> WHAT TO PRODUCE
Look below for the line holding "Das Jahr 2022" and the line holding "Stützpunkt Realp Base de Realp". Repeat those two and everything between, exactly.

> DATA TO EXAMINE

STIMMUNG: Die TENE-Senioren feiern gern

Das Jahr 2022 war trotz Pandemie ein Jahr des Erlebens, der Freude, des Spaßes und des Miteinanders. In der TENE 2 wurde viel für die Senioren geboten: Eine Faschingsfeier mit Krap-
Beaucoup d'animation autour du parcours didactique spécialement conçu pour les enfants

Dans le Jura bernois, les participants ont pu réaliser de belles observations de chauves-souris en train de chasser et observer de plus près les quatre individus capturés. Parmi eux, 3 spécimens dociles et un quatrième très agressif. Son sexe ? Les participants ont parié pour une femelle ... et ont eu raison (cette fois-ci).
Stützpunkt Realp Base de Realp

* * *

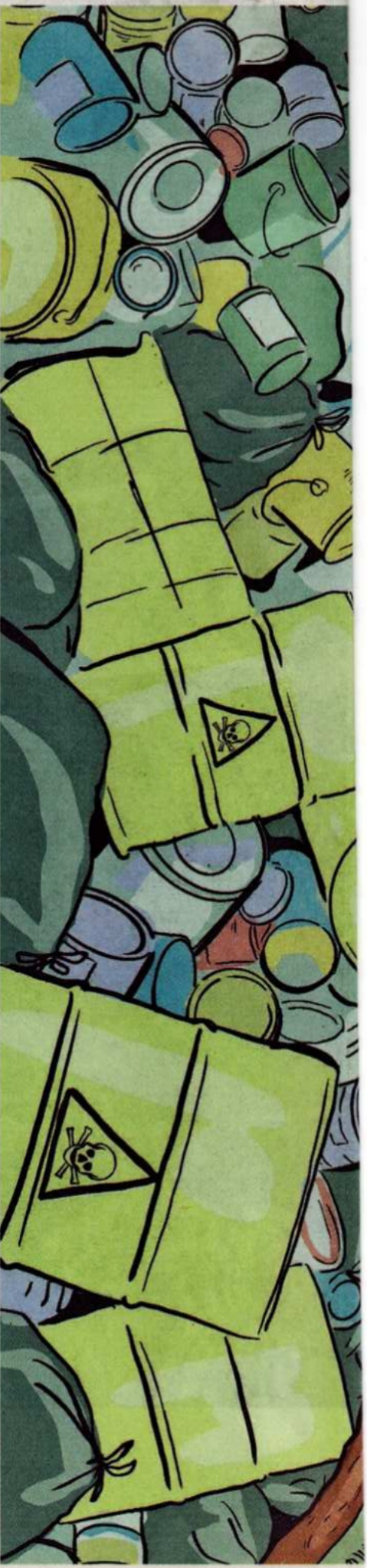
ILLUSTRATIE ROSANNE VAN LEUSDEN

...

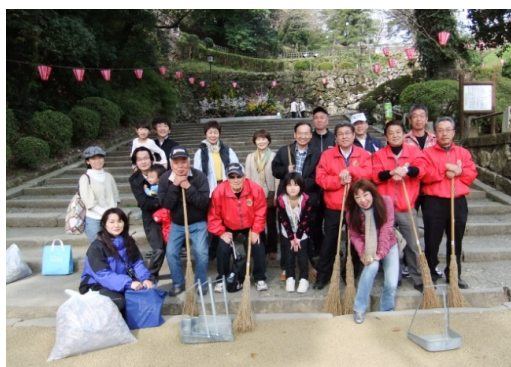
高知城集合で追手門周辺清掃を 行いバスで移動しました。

> TASK ANSWER
Das Jahr 2022 war trotz Pandemie ein Jahr des Erlebens, der Freude, des Spaßes und des Miteinanders. In der TENE 2 wurde viel für die Senioren geboten: Eine Faschingsfeier mit Krap-
Beaucoup d'animation autour du parcours didactique spécialement conçu pour les enfants

Dans le Jura bernois, les participants ont pu réaliser de belles observations de chauves-souris en train de chasser et observer de plus près les quatre individus capturés. Parmi eux, 3 spécimens dociles et un quatrième très agressif. Son sexe ? Les participants ont parié pour une femelle ... et ont eu raison (cette fois-ci).
Stützpunkt Realp Base de Realp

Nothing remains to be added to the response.